CEO.Economics
Erscheinungsdatum: 30. Mai 2025

US-Zollpolitik ohne Inflationsschub?

Alle Ökonomen sind sich einig: Die US-Zollpolitik sollte zu einem deutlichen Anstieg der Inflationsrate führen. Doch im April lag die Inflation in den USA mit 2,3 Prozent so niedrig wie seit Februar 2021 nicht mehr. Zugleich betrug das monatliche Handelsdefizit der USA in Gütern und Dienstleistungen 140 Milliarden Dollar – doppelt so viel wie in den Monaten zuvor.

Ich denke nicht, dass die Ökonomen grundsätzlich falschliegen – vielmehr kommen aktuell mehrere kurzfristige Effekte zusammen, die diese beiden überraschenden Entwicklungen erklären können.

Erwartungen sind entscheidend: Unternehmen in den USA – ebenso wie in exportierenden Ländern – haben die von Trump angekündigten Zölle frühzeitig erwartet. In der Folge wurden Güter bereits Ende 2024 und Anfang 2025 vorab zollfrei importiert. Das betrifft sowohl Endprodukte als auch Vorprodukte, die für die Produktion in den USA benötigt werden.

Zweiter Faktor: die Abwertung des US-Dollars. Der Dollar hat handelsgewichtet rund zehn Prozent gegenüber den wichtigsten Währungen abgewertet. Grund dafür ist das schwindende Vertrauen internationaler Finanzakteure in die US-Wirtschaftspolitik. Die Nachfrage nach US-Staatsanleihen ist zurückgegangen – und damit auch nach US-Dollar. Diese Abwertung verteuert Importe und verbilligt Exporte. Selbst bei unveränderten Mengen erhöht sich dadurch das Handelsdefizit rein rechnerisch.
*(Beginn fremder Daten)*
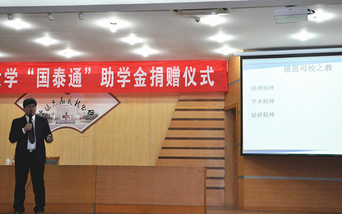 学校副校长扈庆学对孙国成先生的爱心善举表示感谢。他希望受资助的曲园学子们,要肩负责任,心怀感恩,志存高远,艰苦奋斗,以优异的成绩、出色的表现来回报社会。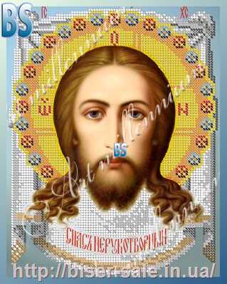 Схема, часткова вишивка бісером, атлас, ікона "Спас Нерукотворний"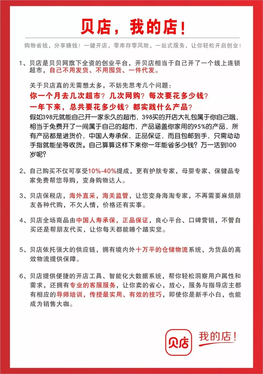 如果你错过了淘宝,错过了微商,那千万不要错过贝店!一起在互联网浪潮中,在如火如荼的社交电商道路上分一杯羹!现在开始,一切都不晚!最大的时间成本就是观望!
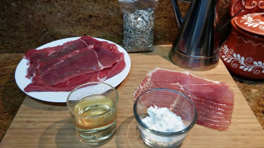4 filetes finos y aplanados de ternera (150g cada filete), 4 lonchas finas de jamón curado, salvia, 1 cucharada de harina, 1 vasito de vino blanco, 1 cucharada de aceite de oliva, pimienta negra molida y sal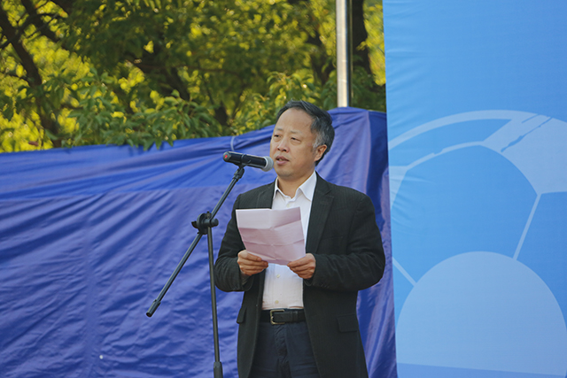 金海燕致欢迎辞,代表学校向到场嘉宾表示欢迎,向为学校足球发展做出贡献的东华人表示感谢。他表示,东华足球将秉承传统,依托社会各界支持,不断推进校园足球“群众性”“国际化”和“职业化”建设,续写东华足球的辉煌成绩。
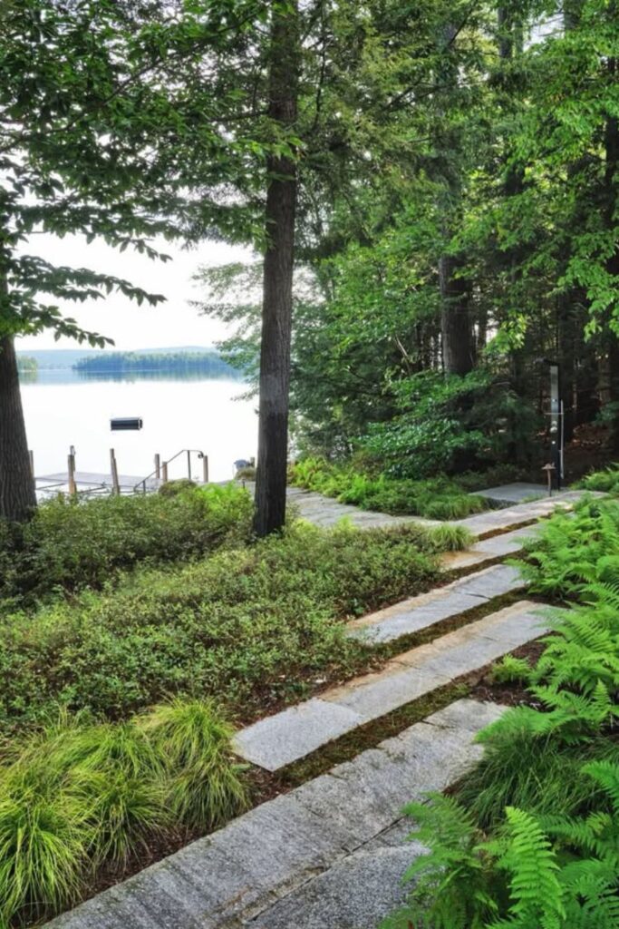 Guide the way to the water with long stone slabs placed on a natural slope.

Diese Entwicklungen wirken auch auf die Inflation. Importeure haben derzeit einen Anreiz, zollfreie Ware zurückzuhalten. Wer wartet, bis Wettbewerber Zölle zahlen müssen, kann die eigenen Produkte später zu höheren Preisen verkaufen – und höhere Gewinne erzielen. Das betrifft natürlich nur nicht verderbliche Güter, nicht etwa Lebensmittel.
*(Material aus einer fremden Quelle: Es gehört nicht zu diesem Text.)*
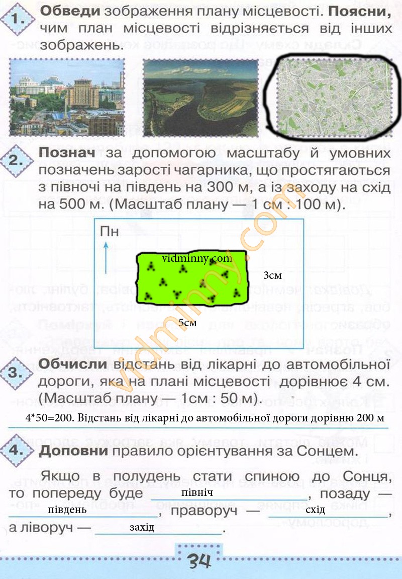 3. Обчисли відстань від лікарні до автомобільної дороги, яка на плані місцевості дорівнює 4 см. (Масштаб плану - 1 см : 50 м).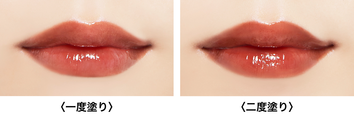 それぞれに花や果実の名前がついた、うるおいたっぷりのリキッドルージュ。つけたての色が続く、ティント処方です。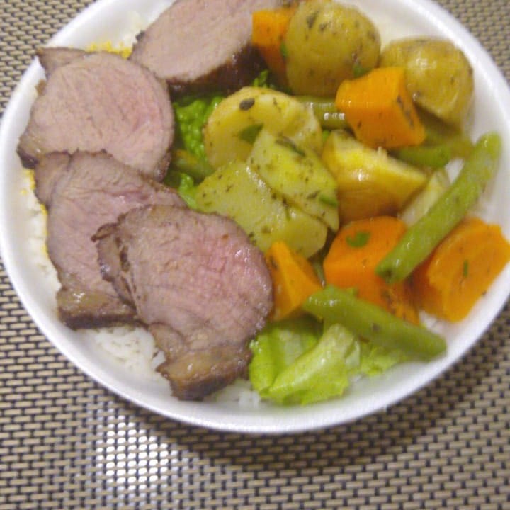 (+-500gr).arroz,feijão,legumes e filé de frango.
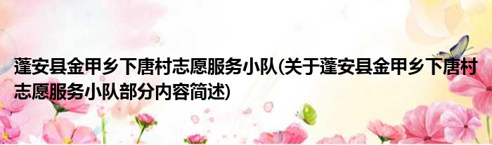蓬安县金甲乡下唐村志愿服务小队(关于蓬安县金甲乡下唐村志愿服务小队部分内容简述)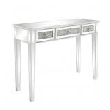 3-Drawer Mirrored Vanity Makeup Table - Mirrored Console Desk Vanity Furniture Nightstand Glass Bedside Table, Silver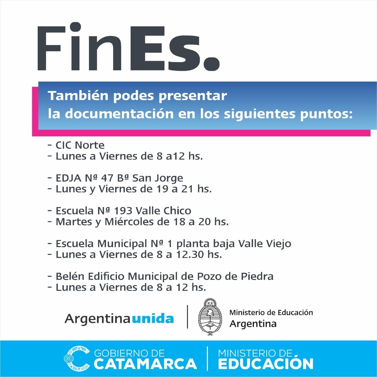 - Escuela Municipal Nª 1 planta baja Valle Viejo - lunes a viernes de 8 a 12,30 hs.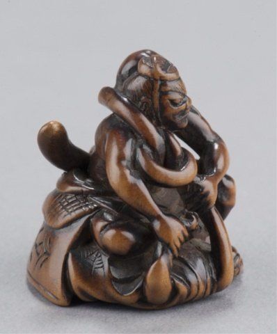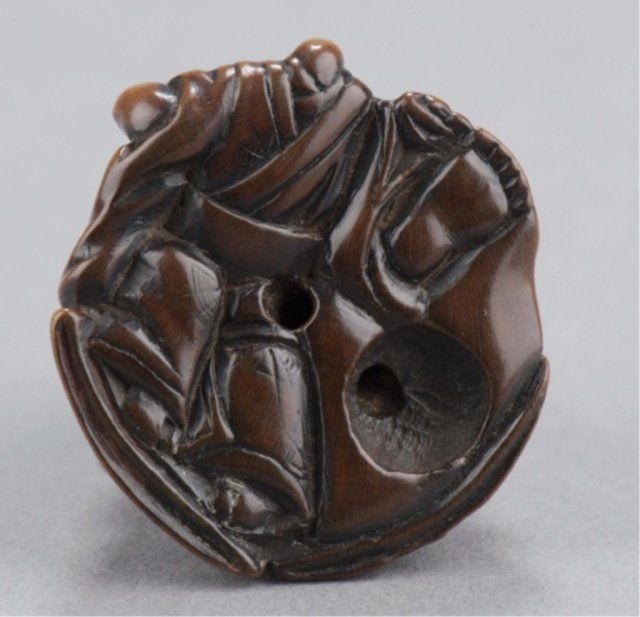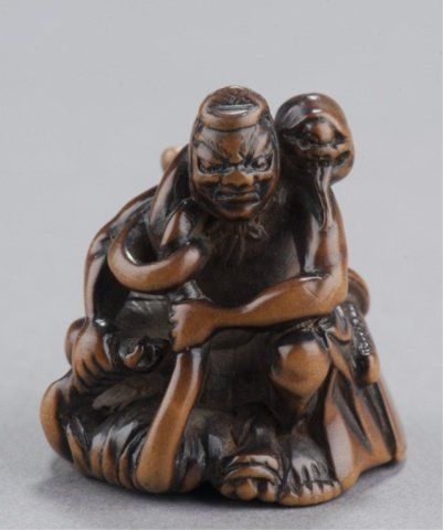 By Kokuzan. Early 19th century. Wrestling with the Demon Rokurokubi, well worn with a nice patina. Signed on the back, Kokuzan. 1 1/4in (3.2cm). Provenance: Purchased at auction at Hauswedell, Hamburg, Germany, May 20, 1963.

So lag die Inflationsrate für Lebensmittel im April bereits bei 2,8 Prozent – deutlich höher als die allgemeine Rate. Gleichzeitig sind die Energiepreise im April um 3,7 Prozent gefallen. Der Rückgang erklärt sich allerdings nicht nur durch ein gestiegenes Angebot („drill, baby, drill“), sondern vor allem durch die Erwartung eines schwächeren Wirtschaftswachstums – sowohl in den USA als auch weltweit infolge der Zollpolitik.

Ein weiterer Aspekt: die Logistik. Die Effekte der Zölle auf Preise und Inflation treten mit Verzögerung auf – auch wegen der Lieferketten. Ein Containerschiff von Shanghai nach Los Angeles ist mehrere Wochen unterwegs. Unternehmen versuchen, die Ankunft ihrer Lieferungen so zu timen, dass sie in eine Phase niedriger Zölle fällt. Entsprechend kommt es zu Verzögerungen, leerstehenden Häfen in den USA und Schiffen, die länger als geplant in chinesischen Häfen verweilen. Diese Versuche der zeitlichen Optimierung führen letztlich zu Ineffizienzen – und zu höheren Preisen für US-amerikanische Unternehmen und Verbraucher.

Fazit: Die inflationären Effekte der US-Zollpolitik werden mit Zeitverzögerung sichtbar – sowohl in den Lieferketten als auch in den Inflationsdaten.